Combating Islamic State's deadly global reach gets more urgent by the day.
In the wake of the beheading of French tourist Herve Gourdel by Islamic State sympathisers in Algeria last week and the death of radicalised teen Abdul Numan Haider, a Melbourne man was arrested on Tuesday after reportedly providing $12,000 to a US citizen fighting for a terrorist organisation in Syria.
But the tragic truth is that in addition to counter-terrorism raids and airstrikes lasting days and weeks, we must prepare for a centuries-long ideological struggle with an enemy who is opposed to fundamental human rights and yet who enjoys a dangerously high degree of democratic support.
Advertisement
The Arab Spring's democratic uprisings of 2011 held out the promise of a flourishing of liberal rights and freedoms, and yet they have mired North Africa and the Middle East deeper in violence and extremism.
With the power of authoritarian but relatively secular strongmen challenged across the region, the fortunes of totalitarian Islamist ideology have soared on the back of widespread popular support.
In Tunisia-the birthplace of the Arab Spring-the relatively moderate but nonetheless Islamist Ennahda party stormed to electoral success in October 2011 after decades as an underground organisation.
Democracy then installed the abortive presidency of the Muslim Brotherhood-backed Mohamed Morsi in Egypt in June 2012, while Muammar Gaddafi's demise in Libya has seen Islamist militants expanding their control over the country's largest cities, including Tripoli and Benghazi.
The most striking chapter in this marriage between popular uprisings and Islamism is the now more than three year-old Syrian Civil War.
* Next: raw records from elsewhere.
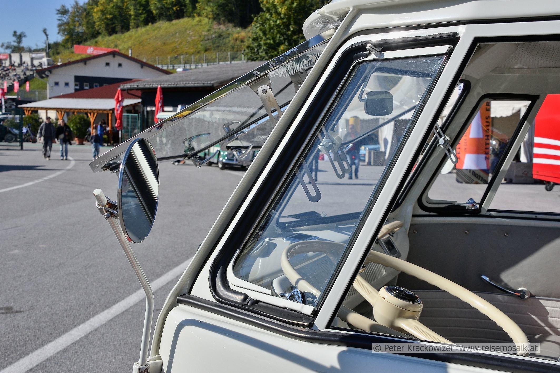 - Legends Grand Prix 2025 Salzburgring Fahrerlager. Hans-Peter Porsche Traumwerk. Aufklappbare Windschutzscheibe des VW-Busses.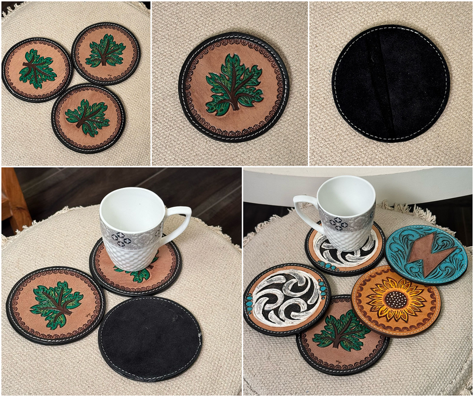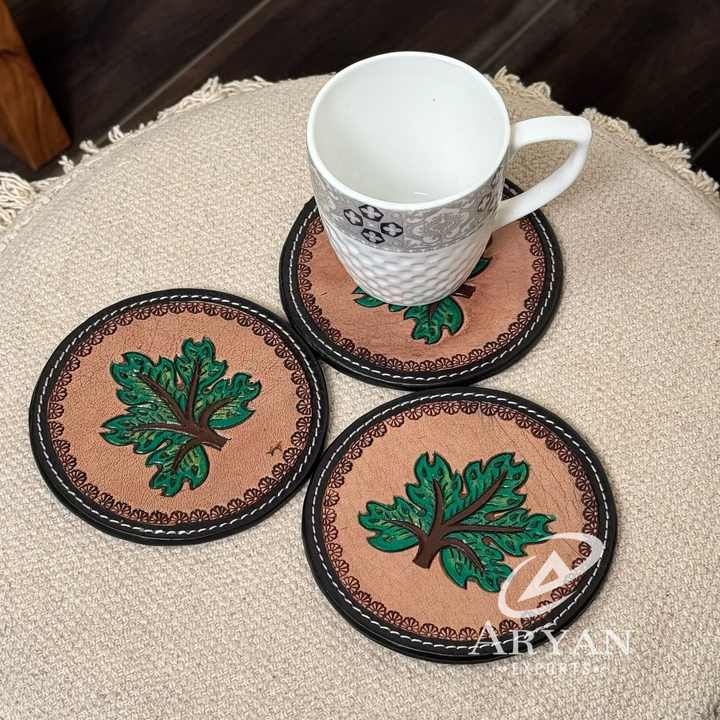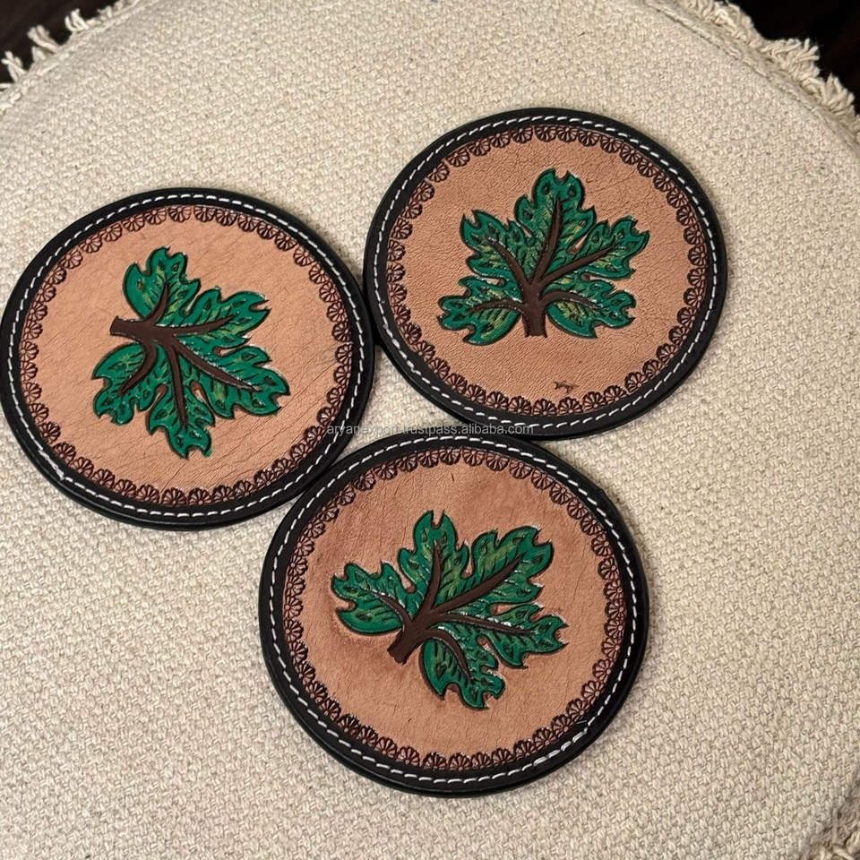 Product name:Hand Tooled Leather Coaster Set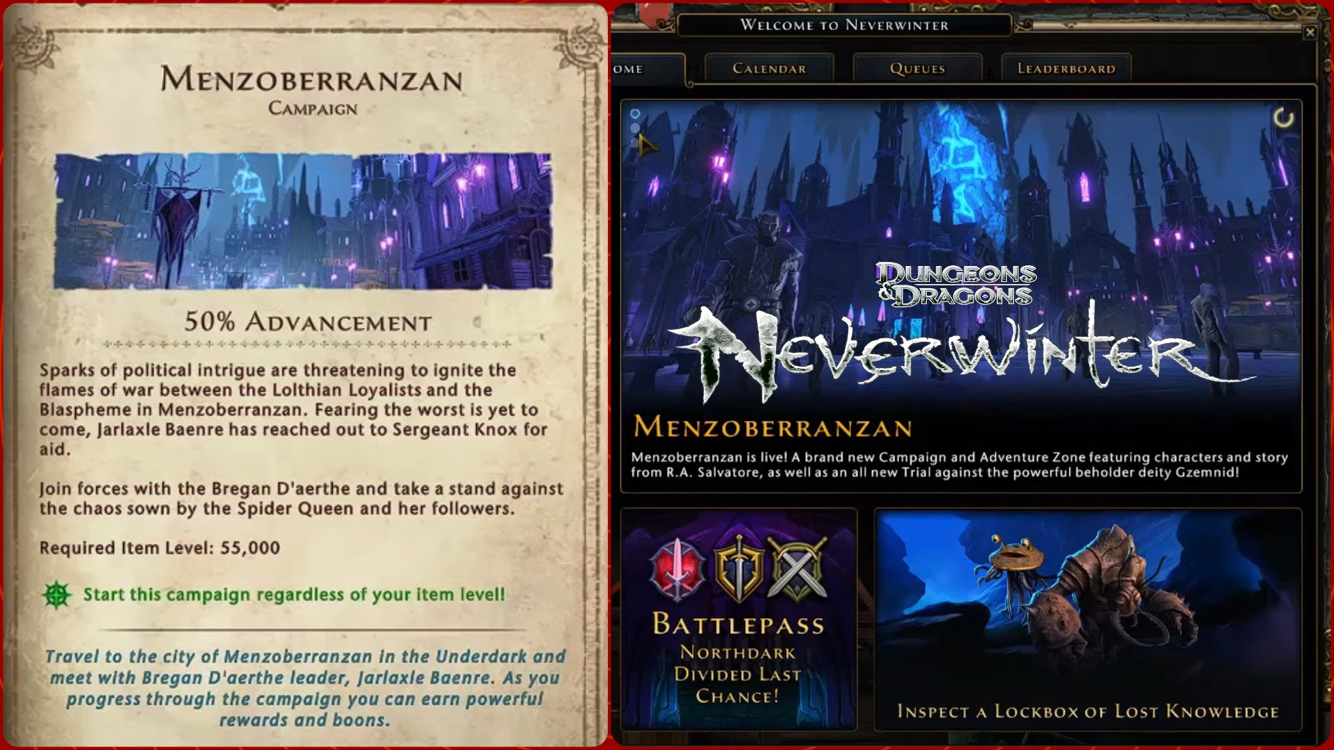- Menzoberranzan brings in a host of new content that players can explore. The Menzoberranzan Adventure Zone is a new area where players can explore and survive the deadly streets of the famous drow city.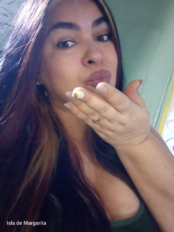 A woman with long, dark hair and a blonde streak poses for a selfie, blowing a kiss towards the camera. She has light skin, arched eyebrows, and full lips. She wears a gold ring on her finger and has a manicure with one nail featuring a colorful design. The backdrop is blurry, suggesting an indoor setting. "Isla de Margarita" is subtly printed at the bottom left.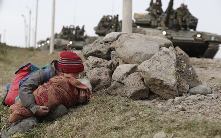 Film otwiera kręcona przez rosyjskiego żołnierza amatorską kamerą scena egzekucji muzułmańskiej rodziny. Obserwuje ją przez okno mały Hadji (świetny Abdul-Khalim Mamatsujew). Gdy Rosjanie się wycofują, ucieka z braciszkiem niemowlakiem na rękach i dołącza do tłumu uchodźców.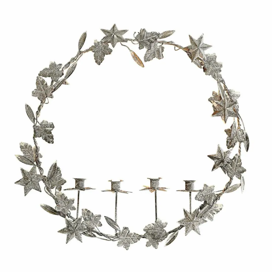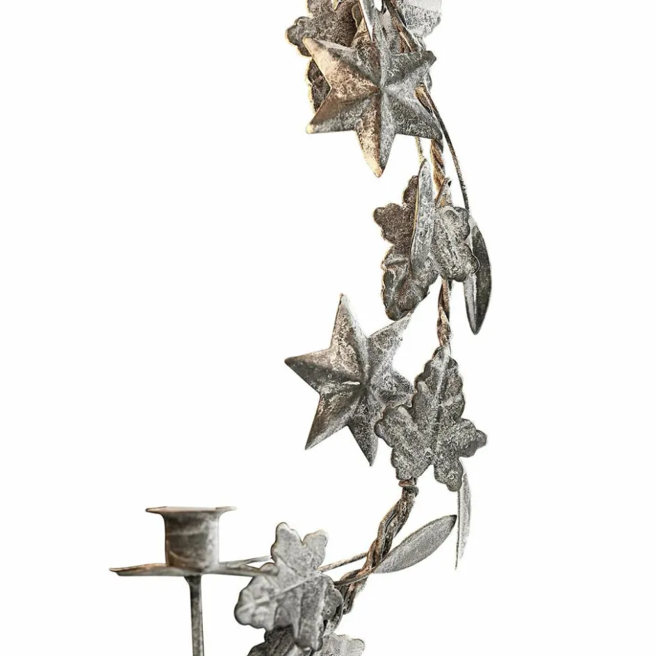 Lassen Sie sich von der charmanten Anmut dieses Kerzenhalters verzaubern. Das kunstvolle Antikgrau-Finish verleiht ihm eine nostalgische Eleganz, während die filigranen Sterne und Blätter einen Hauch von Natur in Ihr Zuhause bringen. Aus robustem Eisen gefertigt, vereint dieser Kerzenhalter Langlebigkeit mit ästhetischer Finesse. Vier Kerzen finden hier ihren Platz und schaffen ein sanftes, flackerndes Licht, das jeden Raum in eine warme, einladende Atmosphäre taucht. Ob als Highlight an einem Fenster oder an anderer Stelle – dieser Kerzenhalter ist ein wahrer Blickfang, der Ihre Einrichtung auf stilvolle Weise ergänzt.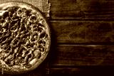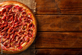 Pizza pepperoni on wood background. Top view, close up. Traditional Brazilian Pizza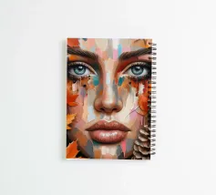 Acrylic painting of beautiful woman with leaves and acorns on face.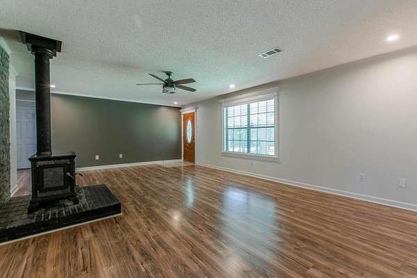 This charming 3-bedroom, 2-bathroom home is situated on 2.04 picturesque acres with mature trees, planter boxes, and room to roam. Step inside to find brand new luxury vinyl plank flooring throughout and an inviting living room complete with a cozy wood-burning stove. The spacious kitchen boasts updated stainless steel appliances, a stylish new backsplash, and both a refrigerator and beverage fridge that convey. The large bonus room offers endless possibilities--game room, second living area, or home theater--while the dedicated office provides the perfect space to work from home. Updated bathrooms and oversized closets in all bedrooms add both comfort and convenience. Outside, enjoy peaceful mornings on the beautiful covered front porch with a porch swing, plus take advantage of the RV cover and two outbuildings for all your storage needs. Washer and dryer convey! Don't miss your chance to own this versatile home in a serene setting. Some photos have been virtually staged. Agents See Remarks

This revolution has incubated the violently totalitarian Islamic State movement now unleashing terror across vast swathes of eastern Syria and western Iraq on the back of widespread Sunni support.
Even though Islamism seeks to enforce faith as the foundation of political, social and even economic life-and is therefore inherently hostile to basic individual freedoms-it has thrived in the era of democratisation.
Advertisement
Democracy merely stipulates that the will of the people should be sovereign; and provided that the majority is intolerant enough, there is nothing inconsistent between democratic rule and illiberal ideologies like Islamism.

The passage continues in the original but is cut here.